15Consistent with the jury’s verdicts, and considering all the evidence at your trial, I am satisfied — beyond reasonable doubt where necessary — of the following facts and circumstances.
16Mr Patterson, his wife, Sandra Patterson,[7] and his daughter, Gabrielle Patterson[8] — whom I will refer to, collectively, as the Patterson family — are from Iran. Fearing for their personal safety,[9] the Patterson family fled Iran in 2013. They made their way to Indonesia, and, with the assistance of people smugglers, they travelled by boat to Australia in the later part of 2013. The Patterson family sought asylum in Australia, spending a period of time in immigration detention on both Christmas Island and in Darwin. They were subsequently granted bridging visas, which permitted them to reside in the community while their applications for permanent residency were being assessed. At the time of your offending, the Patterson family were in the process of applying for a visa for permanent residency on the basis that they were refugees.
[7]A pseudonym.
[8]A pseudonym.
[9]The reason(s) why they feared for their safety was of limited relevance at trial, and is of no relevance to the sentencing exercise.
17The Patterson family spent periods of time at various locales throughout Australia, including in [country Victoria] and [Queensland], before arriving in Melbourne in early-January 2015. They expressed a desire to settle in Melbourne, principally because of the city’s established Iranian population and the sense of community that comes with it. Immersion in the Iranian community was important to the Patterson family, who were, naturally, experiencing feelings of cultural isolation.
18Shortly after their arrival in Melbourne, Mr Patterson saw a job advertisement on Facebook. The advertisement, which was posted to a page operated by an Iranian community group, was for Candoo Confectionary, a shop which specialised in Persian sweets and confectionary. As noted earlier, the jury were satisfied that you conducted that business.
19Candoo had two locations: one in Box Hill; and one in Lalor. Having decided to apply for a job at Candoo, Mr Patterson visited the Box Hill store and left his contact details with one of the employees.
20Later that day, you contacted Mr Patterson and asked him if he was interested in working at Candoo as a baker. Mr Patterson said that he was, and you suggested that he complete a one week unpaid trial, under the instruction of an experienced baker, to determine his suitability for the role. Mr Patterson agreed to undertake the trial, which commenced in mid-January 2015.
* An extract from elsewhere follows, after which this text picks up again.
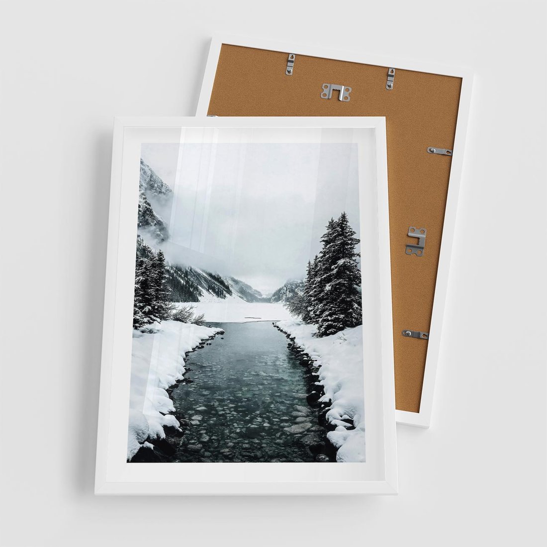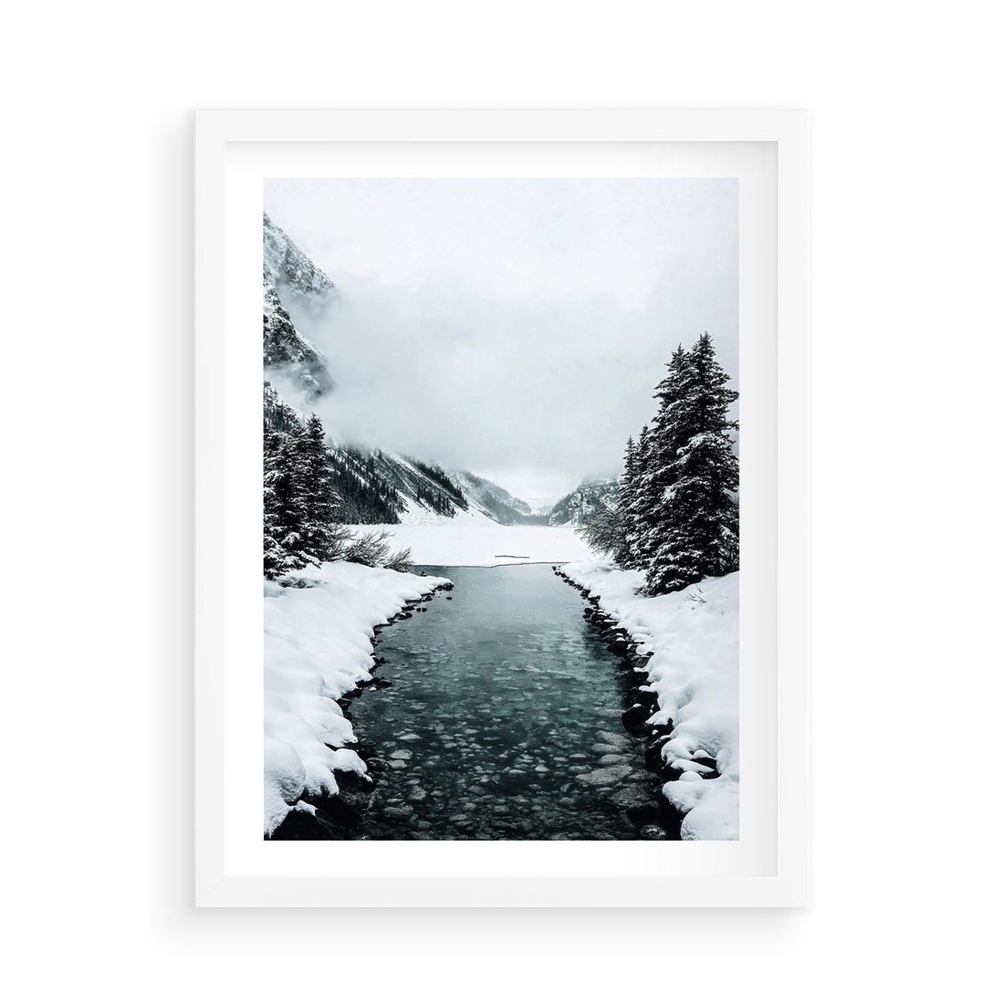 Plakat w ramie 50x70 - Zimowa Przyroda: Rzeka, Góry i Śnieg - zima, rzeka - rama biała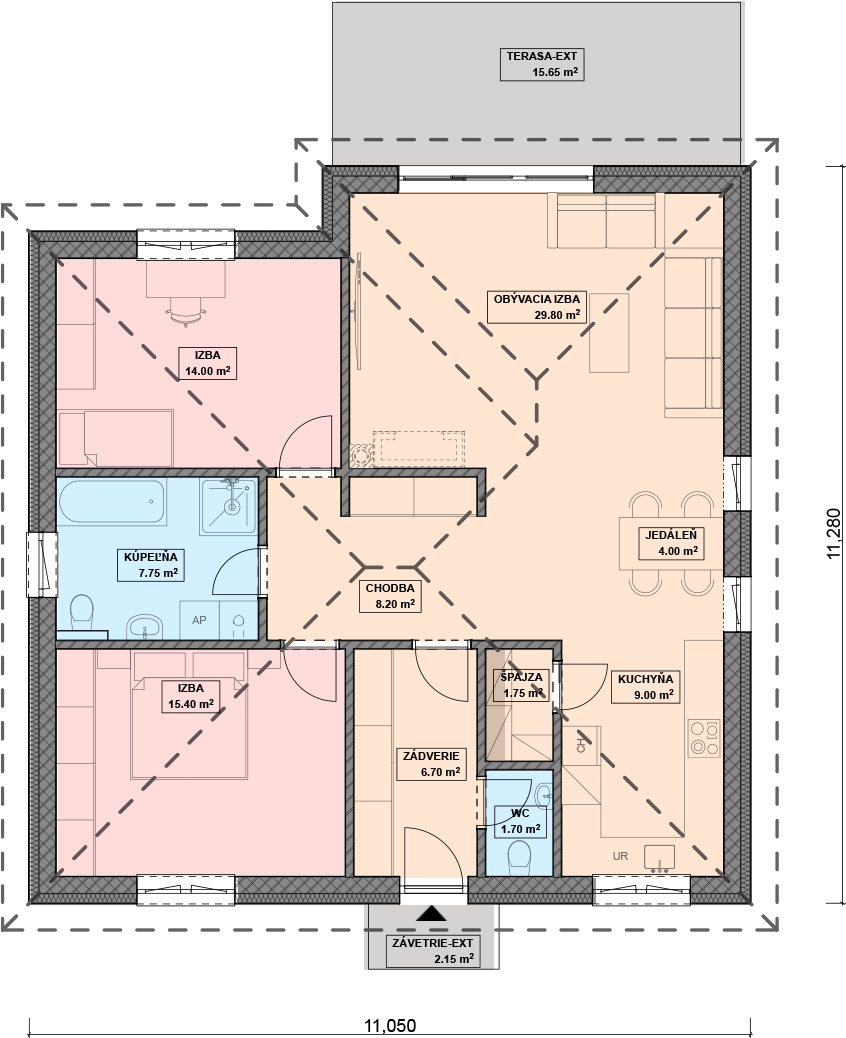 Pri navrhovaní projektov domov vždy dbáme na to, aby pôdorys a celkové dispozičné riešenie domu bol premyslený do najmenších detailov, a tým sa získa plnohodnotný a funkčný domov. Vždy sa snažíme o to, aby dom bol plne funkčný nielen v interiéri, ale mal zaujímavý aj exteriér. Vyberte si tento rodinný dom na základe jeho rozumného pôdorysu!

21There was some discussion at trial about whether the conditions of Mr Patterson’s visa entitled him to work when he applied for a job at Candoo. Whether he was or was not entitled to work is irrelevant for present purposes. What is relevant, for reasons I will come to shortly, is that Mr Patterson was motivated by a desire to provide for his family and establish a life in this country.
22Following his completion of the trial period, you offered Mr Patterson a job. Mr Patterson’s employment was conditioned upon Mr Patterson satisfactorily completing a three-month training program. The training program was offered in-house at Candoo, with Mr Patterson being taught and supervised by other bakers. Mr Patterson would not be paid for his participation in the training program.
23Mr Patterson gave evidence that he questioned you about whether he should be paid during the training period. He said that, in response, you told him that it was normal in Australia for an employee to pay for their training or to complete a TAFE course. It was intimated to Mr Patterson that he was being offered an opportunity that was hard to come by. I accept that this conversation occurred. While you are not to be punished for this conduct, it demonstrates both that Mr Patterson was vulnerable to exploitation, and that you were aware of this fact.
24Mr Patterson completed the training program. He said that he worked long hours over the training period; he would usually commence at about 7 am and finish at 9pm. Over the Persian New Year, he said that he would work until 3 am or 4 am.
25Following his completion of the training program, you told Mr Patterson that you would pay him $10 an hour. At trial, Mr Patterson said that, at the time he accepted the offer, he had no knowledge of minimum wage requirements nor workplace rights generally. I accept that to be so.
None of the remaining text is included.